Oximeter for COVID-19: Sellers using loopholes in India's MRP regime to overcharge

Price of oximeters have gone up from Rs 900 to Rs 2,000-3,000 since the beginning of the second wave of the pandemic

By Tilkesh Bhadala
Published: Thursday 20 May 2021
Profiteering in oximeter trade and need for immediate regulation

The Union Ministry of Chemical and Fertilizers had directed National Pharmaceutical Price Authority (NPPA) in July 2020 to specifically control prices for oxygen concentrators and pulse oximeters. NPPA had issued it to manufacturers and had asked them to share details of the maximum retail price (MRP) set by them.

The MRP regime in India is non-transparent and is in dire need of reforms. It only has symbolic value as it does not reflect the actual market price.

This has become more evident with the novel coronavirus disease (COVID-19) crisis where MRP is being used as a shield for profiteering from medical equipments like oximeter.

Oximeters were earlier available at Rs 900 before the second wave of the pandemic. The same models are now being sold at Rs 2,000-3,000. The catch here is that the MRP marked on the box is Rs 3,500-4,000.

There is no set method in India to arrive at the MRP. Ideally, it should be the cost of production plus profit but manufacturers are using MRP to escape the regulatory net of authorities like NPPA.

The over-reliance of our laws to regulate prices of packaged products and goods (non-scheduled) based on only MRP is a grave error. It makes the whole regulation process toothless and ineffective.

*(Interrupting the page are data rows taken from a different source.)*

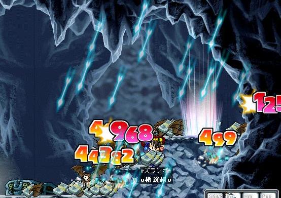 移動することなく狩り続けられる狩場ですこぶる美味しい。LV40前半では時給400Kがやっとの火魔に500k近い効率を与えてくれたのは大きい。さらに数を狩っての時給になるため、装備品、素早さクリスタルが多数入手できる。
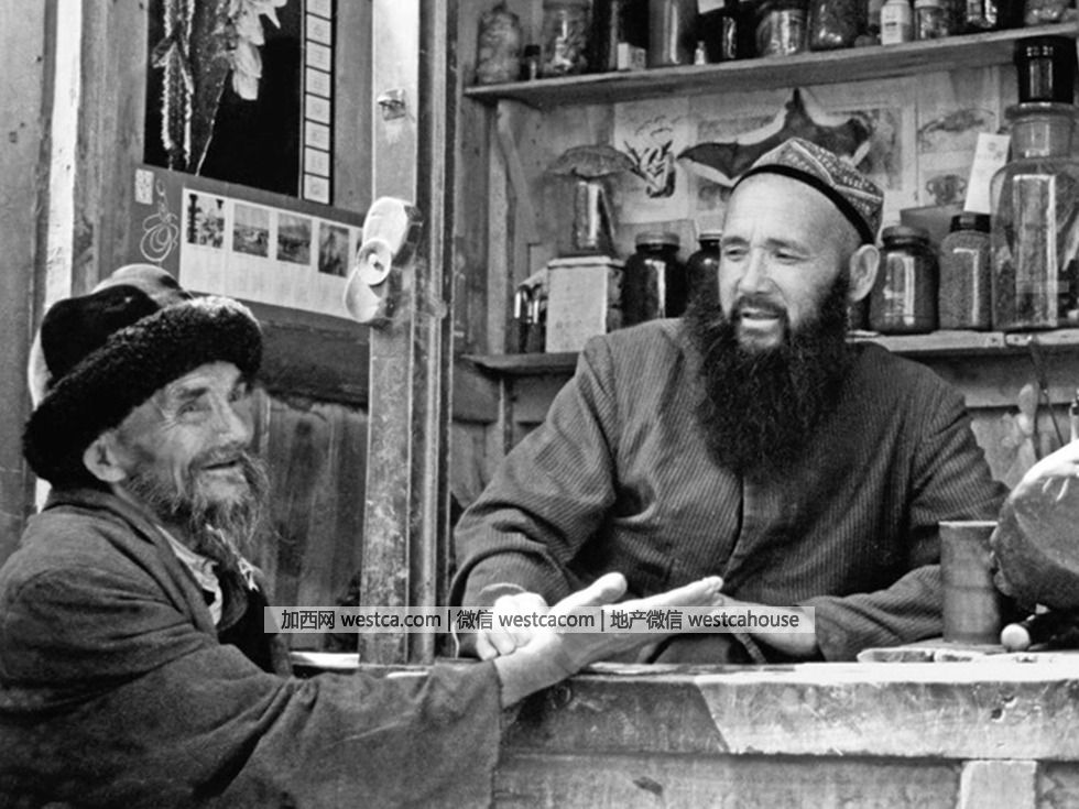 1987年,新疆喀什,在集市坐诊的维吾尔郎中。(图源:VCG)
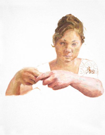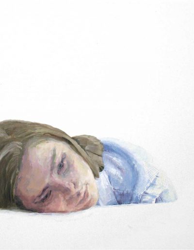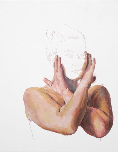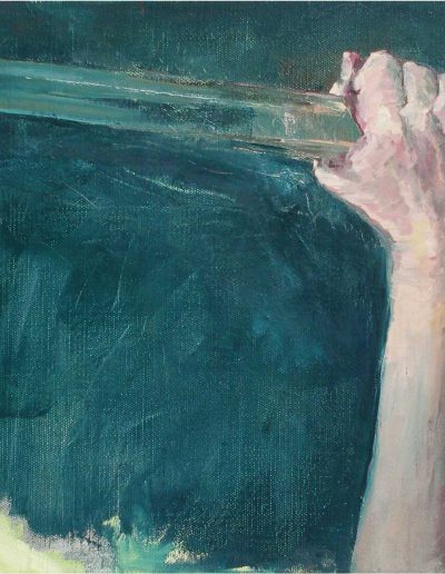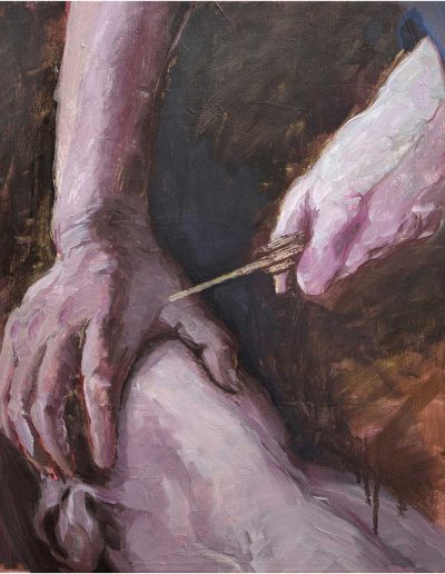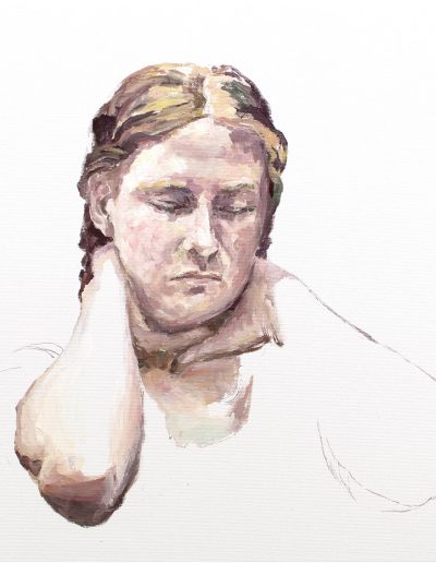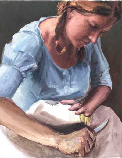 Katharina probiert für »Portia rammt sich ein Messer in den Oberschenkel« – nach Elisabetta Sirani, 30 x 40 cm, blaue Pastellkreide auf Zeichenkarton, 2024

Last June, the NPPA issued a memorandum saying that the MRP cannot be increased by more than 10 per cent in a year. As oximeter comes under non-scheduled list, its MRP is not calculated by the method provided in Drugs Price Control Order, 2013 (DPCO) leaving the scope of MRP manipulation at the will of manufacturers.

As the whole regulation of non-scheduled list is based on MRP, it is shocking that there is no check on how this MRP is fixed by manufacturers. This means manufacturers can set MRP Rs 200-300 per cent high over and above the production cost, and can keep earning super profits while escaping the regulatory radar of NPPA.

I have come across many wholesellers who are selling oximeter in bulk at Rs 615-750 per piece, including 12 per cent goods and services tax. The delivery timeline ranges between 5-10 days. The product comes with 1 year manufacturer warranty.

Immediate action required

There is a need for bringing the oximeter under scheduled list of DPCO, read with Essential Commodities Act, to bring down the price and curb profiteering. The DPCO also provides for a method to determine ceiling price with a reasonable retail margin of 16 per cent.

It is an urgent call for the government to do the necessary and help people with whatever it can. NPPA should rise up to the task to give people a sigh of relief and ray of hope by doing what it is mandated to do.

The government must take speedy measures as it had taken for sanitisers and masks (N95 and surgical) during the onset of pandemic, which significantly brought down their MRP.

During the prolonged second wave, fresh demands will pour in for oximeter. In the current situation when hospitals are flooded with patients, early diagnosis of oxygen saturation drop can provide much-needed respite and save lives.

Views expressed are the author’s own and don’t necessarily reflect those of Down To Earth.